### Instructions for the task:
A precise copy of the data is required, with every picture left out.

### Material provided:
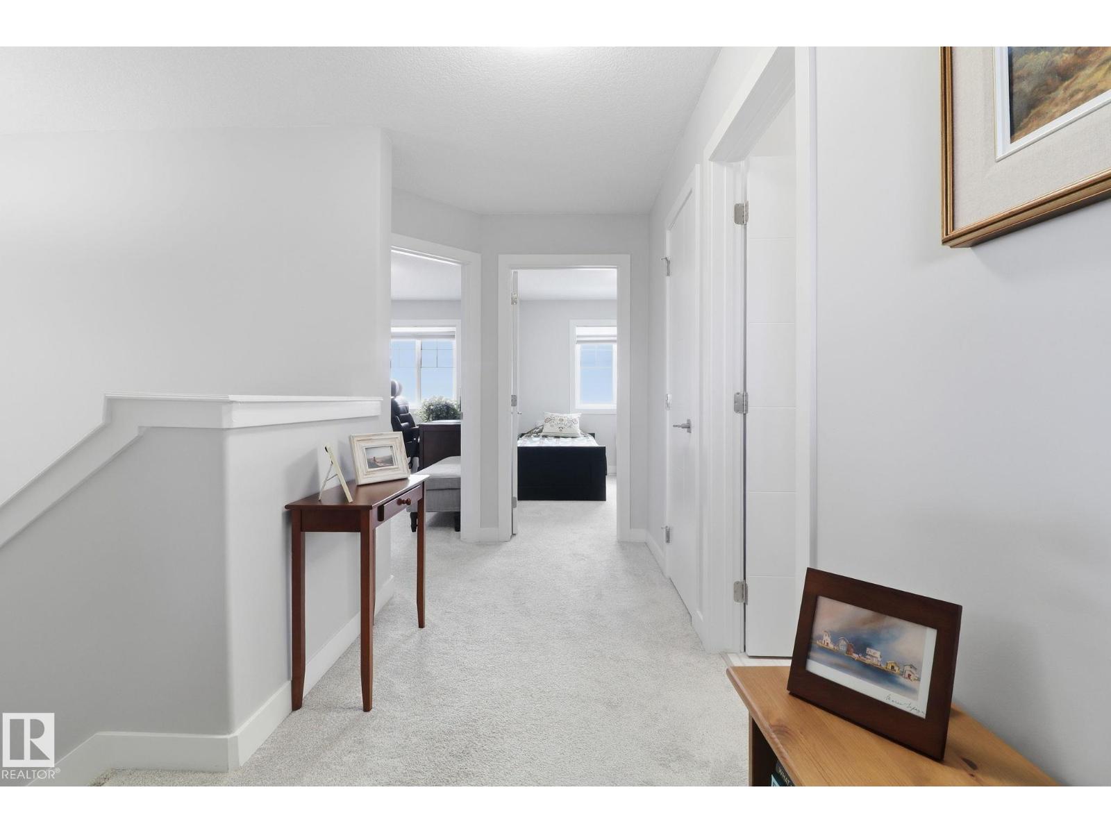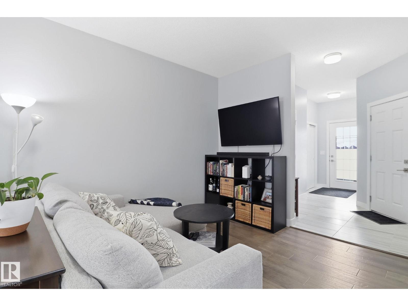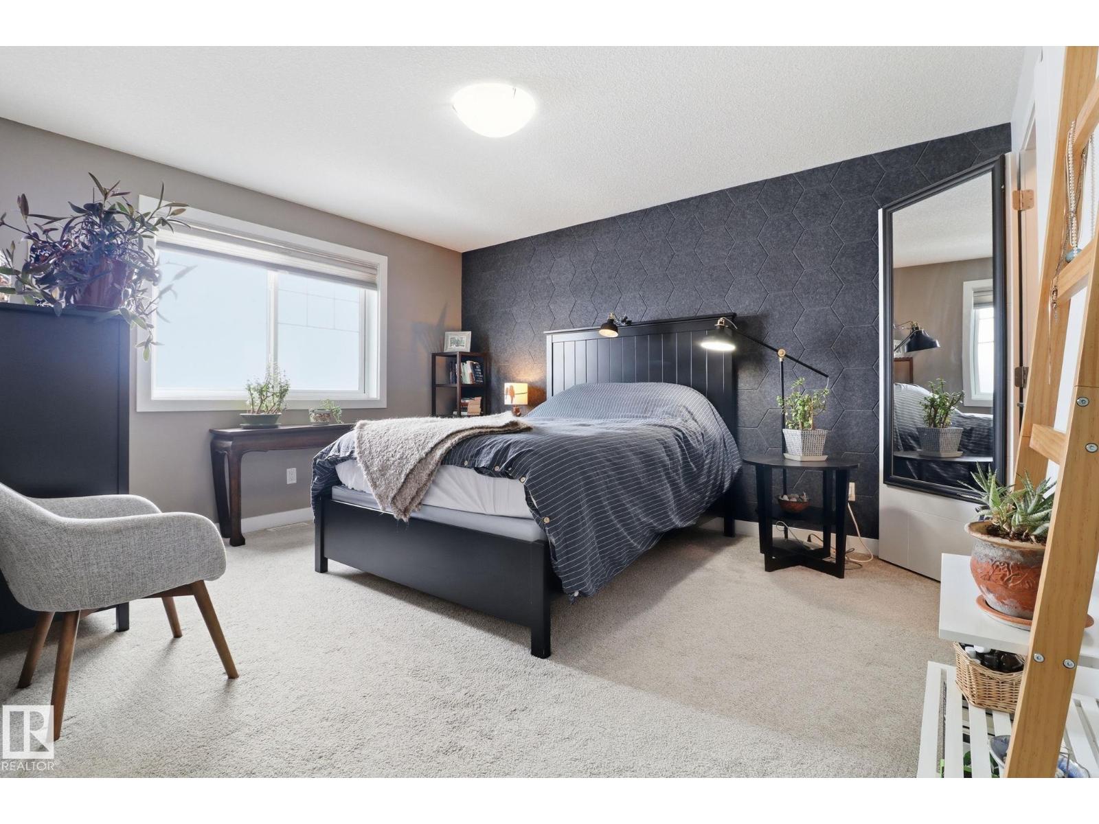Step into a warm, inviting home beginning with a large tiled foyer and flowing into engineered hardwood throughout the main floor. High ceilings and abundant natural light create an airy feel—perfect for plants. The kitchen features dark brown cabinetry, white quartz countertops, and six newer appliances, opening to a spacious dining area and versatile living space with room for multiple zones. Enjoy outdoor living with a new privacy deck and fencing. A wide staircase leads upstairs to a bright landing, cozy carpet, and consistent high-end finishes in all bathrooms, including tile matching the foyer. The huge primary bedroom offers a stylish feature wall, large walk-in closet, and 4-piece ensuite. Two additional bedrooms have great closet space, plus another full bath. Upgraded doors and quality finishes add elegance throughout. The front yard was remodelled in 2023 with a planter and reinforced paving stones, allowing for extra parking. (id:63190)
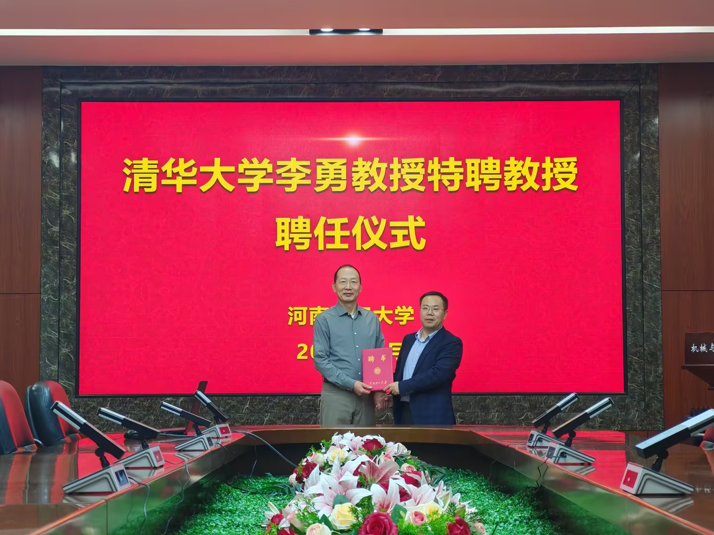 在学院217会议室举行李勇特聘教授聘任仪式。学院党政领导班子及部分教师代表参加了此次聘任仪式。聘任仪式由院长明平美主持。
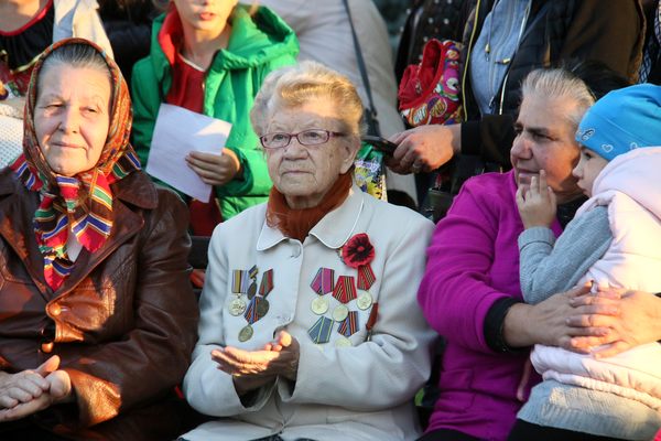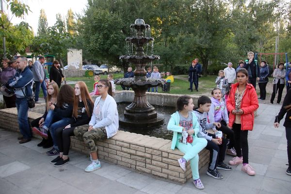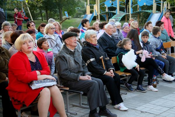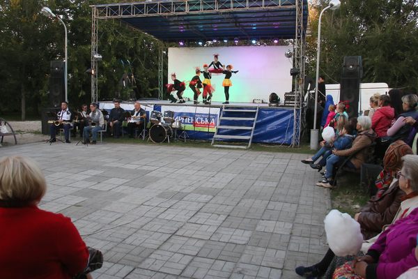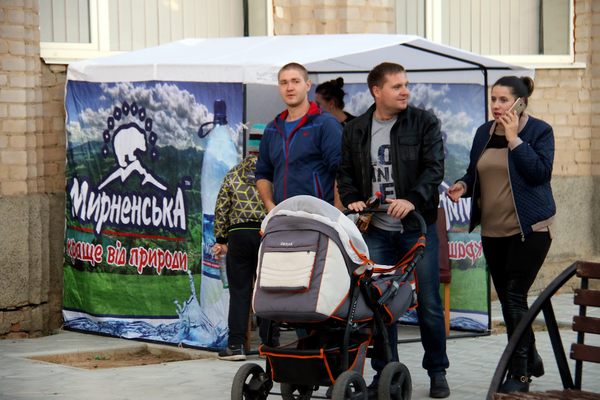Празднества проходили в сквере перед поссоветом. В этом году обошлись без торжественных речей. Со сцены жителей Мирного поздравляли только художественные коллективы и специальные гости - мелитопольский духовой муниципальный оркестр.

### Response to the exercise:
Step into a warm, inviting home beginning with a large tiled foyer and flowing into engineered hardwood throughout the main floor. High ceilings and abundant natural light create an airy feel—perfect for plants. The kitchen features dark brown cabinetry, white quartz countertops, and six newer appliances, opening to a spacious dining area and versatile living space with room for multiple zones. Enjoy outdoor living with a new privacy deck and fencing. A wide staircase leads upstairs to a bright landing, cozy carpet, and consistent high-end finishes in all bathrooms, including tile matching the foyer. The huge primary bedroom offers a stylish feature wall, large walk-in closet, and 4-piece ensuite. Two additional bedrooms have great closet space, plus another full bath. Upgraded doors and quality finishes add elegance throughout. The front yard was remodelled in 2023 with a planter and reinforced paving stones, allowing for extra parking. (id:63190)
 在学院217会议室举行李勇特聘教授聘任仪式。学院党政领导班子及部分教师代表参加了此次聘任仪式。聘任仪式由院长明平美主持。
Празднества проходили в сквере перед поссоветом. В этом году обошлись без торжественных речей. Со сцены жителей Мирного поздравляли только художественные коллективы и специальные гости - мелитопольский духовой муниципальный оркестр.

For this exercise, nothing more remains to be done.